已全部完成，这是其中的一个，后续将三个集成在在一个工具中。
import tkinter as tk
from tkinter import ttk, messagebox, font, filedialog
from PIL import Image, ImageTk, ImageGrab
import sys
import tempfile
import threading
from pathlib import Path
import ctypes  # 导入 ctypes 库
import logging.handlers  # 用于日志轮转

# 最小化控制台窗口
def minimize_console():
    ctypes.windll.user32.ShowWindow(ctypes.windll.kernel32.GetConsoleWindow(), 6)

minimize_console()  # 调用最小化函数

# 获取脚本所在目录路径
def get_script_directory():
    return Path(__file__).parent

# 配置日志文件路径和日志级别
log_file_path = get_script_directory() / 'ocr_errors.log'
logging.basicConfig(
    filename=log_file_path,
    level=logging.DEBUG,
    format='%(asctime)s - %(levelname)s - %(message)s'
)
# 添加日志轮转
handler = logging.handlers.RotatingFileHandler(log_file_path, maxBytes=1024*1024*5, backupCount=3)
logger = logging.getLogger()
logger.addHandler(handler)

# 保存临时图片到磁盘
def save_temp_image(image, suffix='.png'):
    with tempfile.NamedTemporaryFile(delete=False, suffix=suffix) as temp_file:
        image.save(temp_file.name)
        return Path(temp_file.name)

class OCRApp:
    def __init__(self):
        try:
            self.root = tk.Tk()
            self.root.withdraw()

            # 禁用最大化按钮
            # self.root.resizable(False, False)

            self.screenshot = None
            self.ocr_model = None  # 延迟初始化
            self.recognized_text = ""
            self.main_frame = None
            self.load_win = None  # 初始化 load_win 为 None

            # 启动后台线程加载OCR模型以优化性能，使run脚本后能马上进入截图状态
            threading.Thread(target=self.load_ocr_model, daemon=True).start()

            # 立即开始截图选择
            self.start_selection()

        except Exception as e:
            self.show_crash_message(f"程序启动失败: {str(e)}")
            sys.exit(1)

    def load_ocr_model(self):
        from paddleocr import PaddleOCR
        try:
            self.ocr_model = PaddleOCR(use_angle_cls=True, show_log=False, lang='ch')
        except Exception as e:
            logger.error(f"OCR模型加载失败: {str(e)}")

    # 开始截图选择区域
    def start_selection(self):
        self.selection_win = tk.Toplevel()
        self.selection_win.attributes("-fullscreen", True)
        self.selection_win.attributes("-alpha", 0.3)

        # 绑定整个窗口的 ESC 键事件
        self.selection_win.bind("<Escape>", self.on_escape)
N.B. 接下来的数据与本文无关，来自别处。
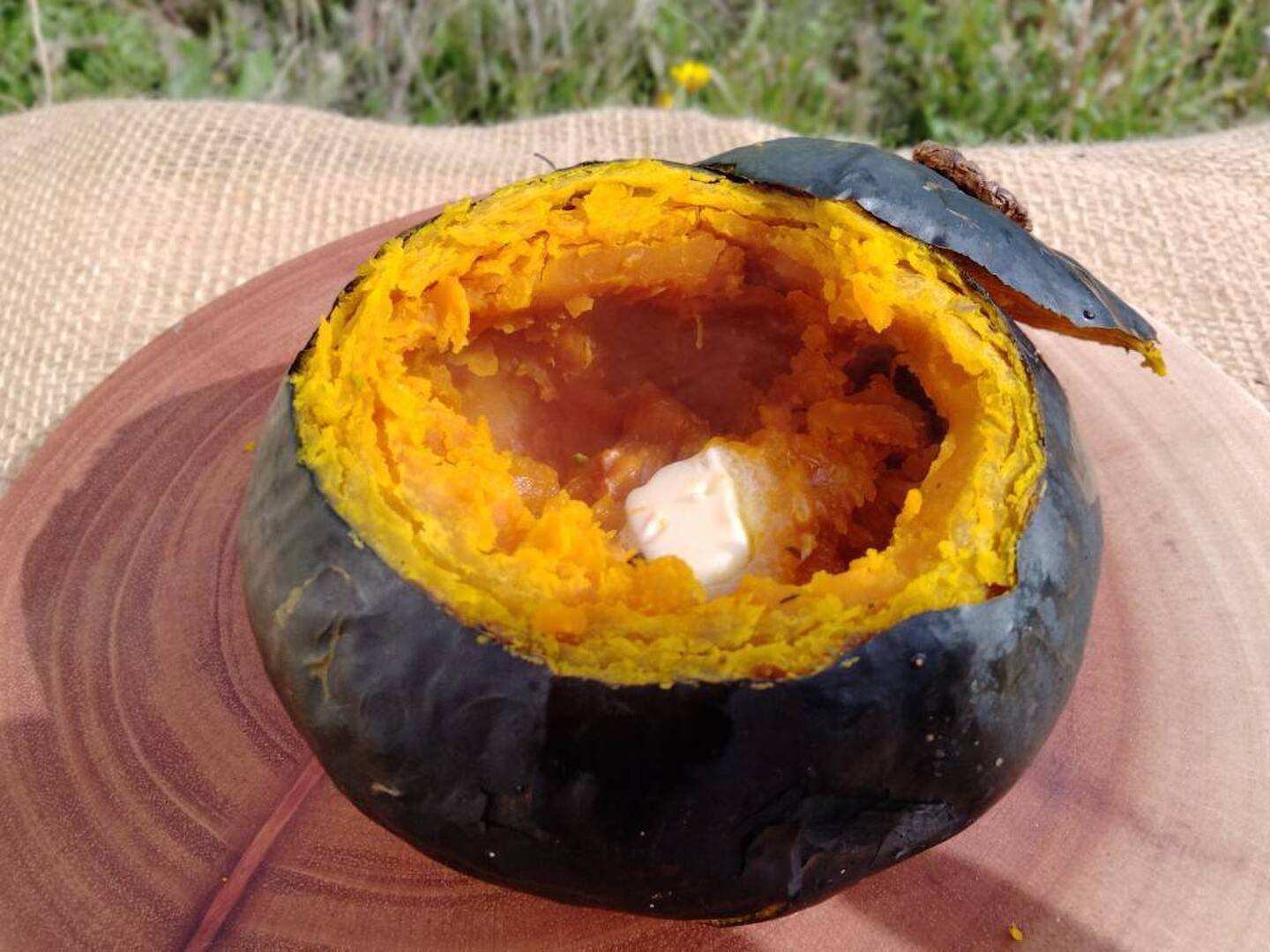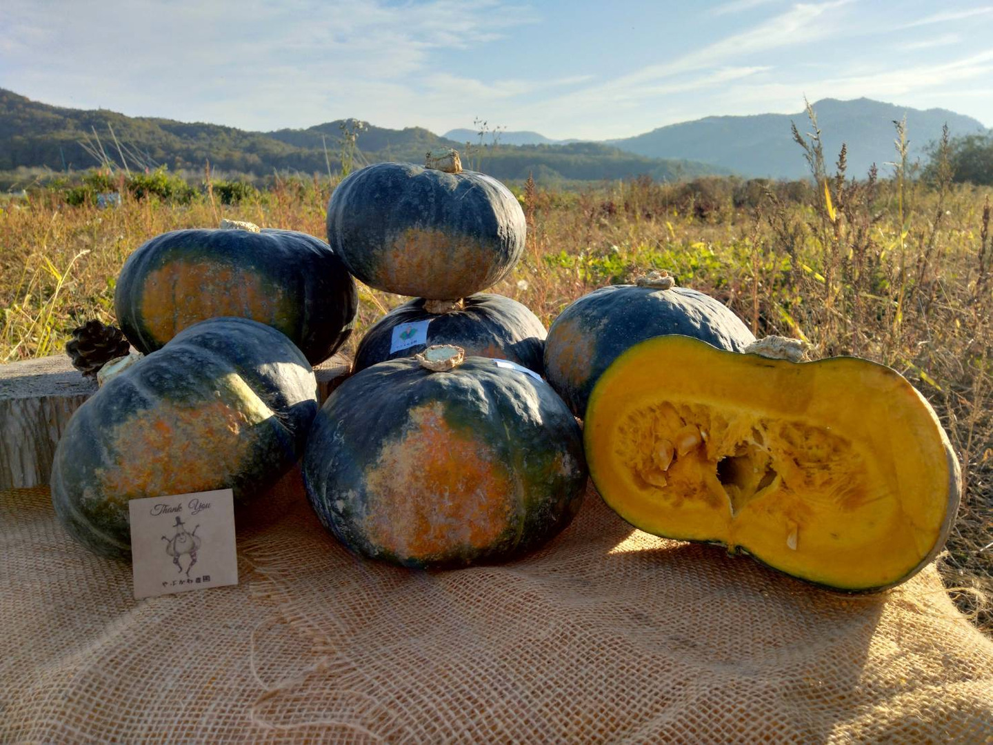 黒い皮が特徴で、濃厚な甘さとホクホク食感です。従来種よりも皮が柔らかく包丁でカットしやすいです。かぼちゃ好きに食べて頂きたい

        self.canvas = tk.Canvas(
            self.selection_win,
            cursor="cross",
            bg="gray30",
            highlightthickness=0
        )
        self.canvas.pack(fill=tk.BOTH, expand=True)

        self.start_x = self.start_y = 0
        self.rect_id = None
        self.crosshair_ids = []

        self.canvas.bind("<Button-1>", self.on_mouse_down)
        self.canvas.bind("<B1-Motion>", self.on_mouse_drag)
        self.canvas.bind("<ButtonRelease-1>", self.on_mouse_up)
        self.canvas.bind("<Motion>", self.on_mouse_move)
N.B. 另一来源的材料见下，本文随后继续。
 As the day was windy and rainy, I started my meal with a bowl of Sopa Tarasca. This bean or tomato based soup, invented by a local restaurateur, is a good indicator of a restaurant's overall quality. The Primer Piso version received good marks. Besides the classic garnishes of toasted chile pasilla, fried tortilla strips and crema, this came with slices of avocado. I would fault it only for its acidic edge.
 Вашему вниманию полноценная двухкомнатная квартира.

        self.escape_label = tk.Label(
            self.selection_win,
            text="按ESC键退出截图",
            fg="yellow",
            bg="gray20",
            font=("Helvetica", 12, "bold")
        )
        self.escape_label.place(x=10, y=10)
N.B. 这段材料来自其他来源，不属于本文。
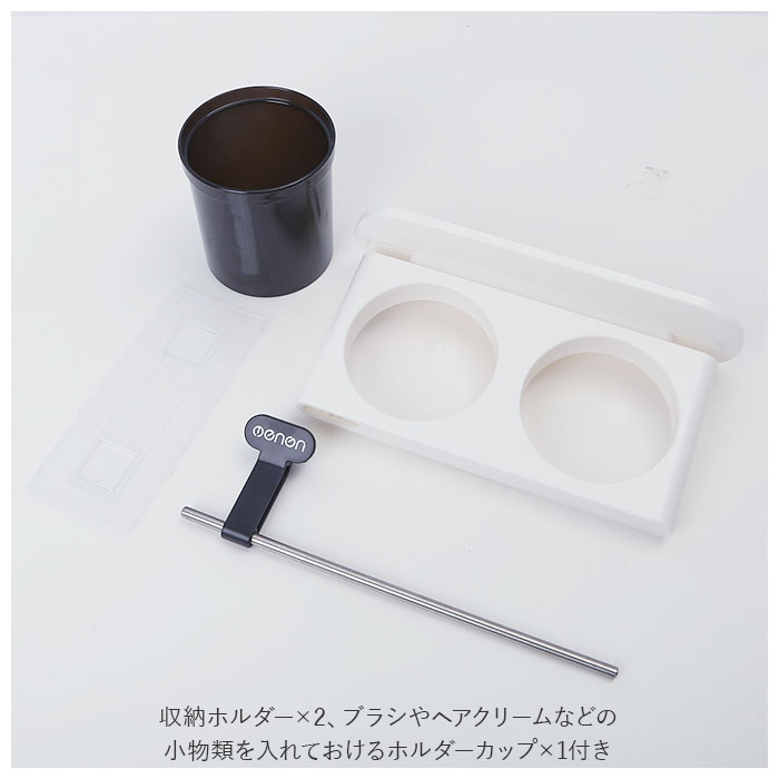 | サイズ | 【ハンガーあり・なし共通】 ・本体 [縦]約6cm/[横]約22cm/[奥行]約12cm ・収納穴 [直径]約8cm ・収納カップ [縦]約9cm/[上部直径]約8cm/[底部直径]約7cm 【ハンガーなし】 [縦]約2cm/[横]約22cm/[奥行]約7cm【ハンガーあり・なし共通】 ・本体 [縦]約6cm/[横]約22cm/[奥行]約12cm ・収納穴 [直径]約8cm ・収納カップ [縦]約9cm/[上部直径]約8cm/[底部直径]約7cm 【ハンガーなし】 [縦]約2cm/[横]約22cm/[奥行]約7cm |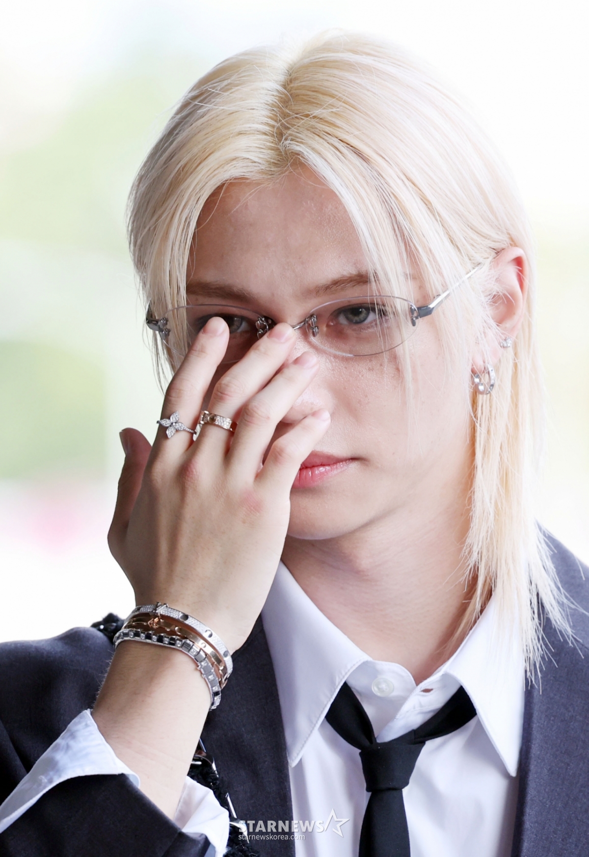 이날 필릭스는 캐주얼한 블랙&화이트 수트에 젠틀몬스터 안경으로 포인트를 주어 필릭스만의 힙한 무드가 돋보이는 공항패션을 선보였다

        self.update_crosshair(0, 0)

    # 鼠标按下事件处理
    def on_mouse_down(self, event):
        self.start_x = event.x
        self.start_y = event.y
        self.clear_crosshair()
        if self.rect_id:
            self.canvas.delete(self.rect_id)
            self.rect_id = None

    # 鼠标拖动事件处理
    def on_mouse_drag(self, event):
        current_x = event.x
        current_y = event.y

        if self.rect_id:
            self.canvas.coords(self.rect_id, self.start_x, self.start_y, current_x, current_y)
        else:
            self.rect_id = self.canvas.create_rectangle(
                self.start_x, self.start_y,
                current_x, current_y,
                outline="blue", width=2, fill="gray75", tags="rect"
            )

    # 鼠标释放事件处理
    def on_mouse_up(self, event):
        try:
            x1 = min(self.start_x, event.x)
            y1 = min(self.start_y, event.y)
            x2 = max(self.start_x, event.x)
            y2 = max(self.start_y, event.y)

            if (x2 - x1) < 10 or (y2 - y1) < 10:
                raise ValueError("选区过小，请选择更大的区域")
            if (x2 - x1) > self.canvas.winfo_width() or (y2 - y1) > self.canvas.winfo_height():
                raise ValueError("选区过大，请选择更小的区域")

            self.screenshot = ImageGrab.grab(bbox=(x1, y1, x2, y2))
            self.selection_win.destroy()
            self.initialize_ocr_and_process()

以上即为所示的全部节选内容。